Why don't you test it?
Good idea. Before I did some test, I firstly search the Google, and I hit one discussion:
wxChar wxStringCharType error, this link to our forum thread
Compiling C::B wxChar wxStringCharType error.
The core reason is: Under Linux, the wx 2.9.0 to 2.9.3 by default use UTF8 as its wxString internal encoding, which is actually char for wxChar, but wx 2.9.4 and wx 3.0.x later switched to wchar_t as its default wxString encoding, so actually wxChar is wchar_t.
See this reply:
Re: wxChar wxStringCharType errorForm the docs:
const wxStringCharType* wxString::wx_str() const
Explicit conversion to C string in the internal representation (either wchar_t* or UTF-8-encoded char*, depending on the build).
The wxString internal representation in Unix has been for a long time a char sequence, encoded in UTF8 (as GTK does).
So, you may try to recompile with wxUSE_UNICODE_WCHAR==1.

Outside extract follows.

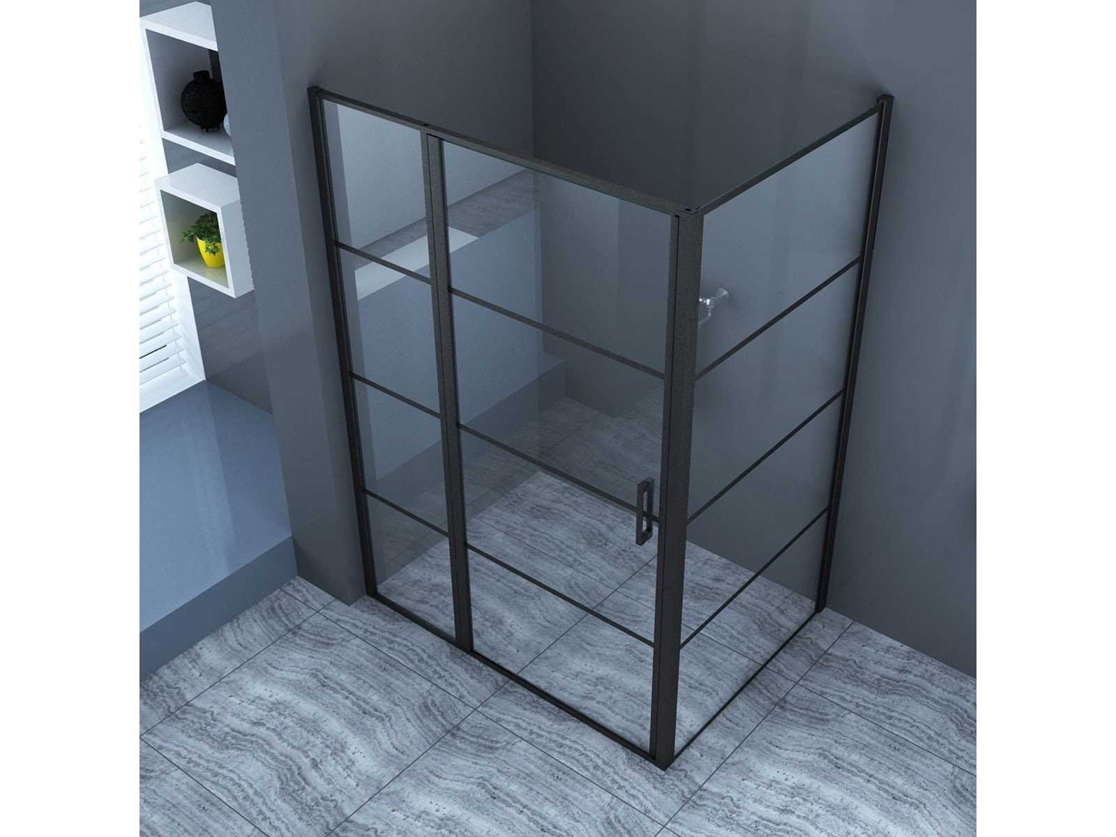 Douchecabine - 140x90 - mat zwart - rechthoek - draaideur - 8mm veiligheidsglas

Anyhow, I know this internal representation has been changed (wx294 or wx-svn, I don't remember) to use wchar_t.
I would try with wx-svn.
Under Windows, there is no issue about this, because all the wx unicode build default to wchar_t.
Now, I think C::B won't support build against wx2.9.0 to 2.9.3, so the preprocessor hack should be totally removed.
EDIT, by the way, I can't find official document about %s and %ls, but it looks like I get the answer from this post:
Unicode and printf %s formatter - Google Groups, %s is used for a wide string, and %ls is used for wxString.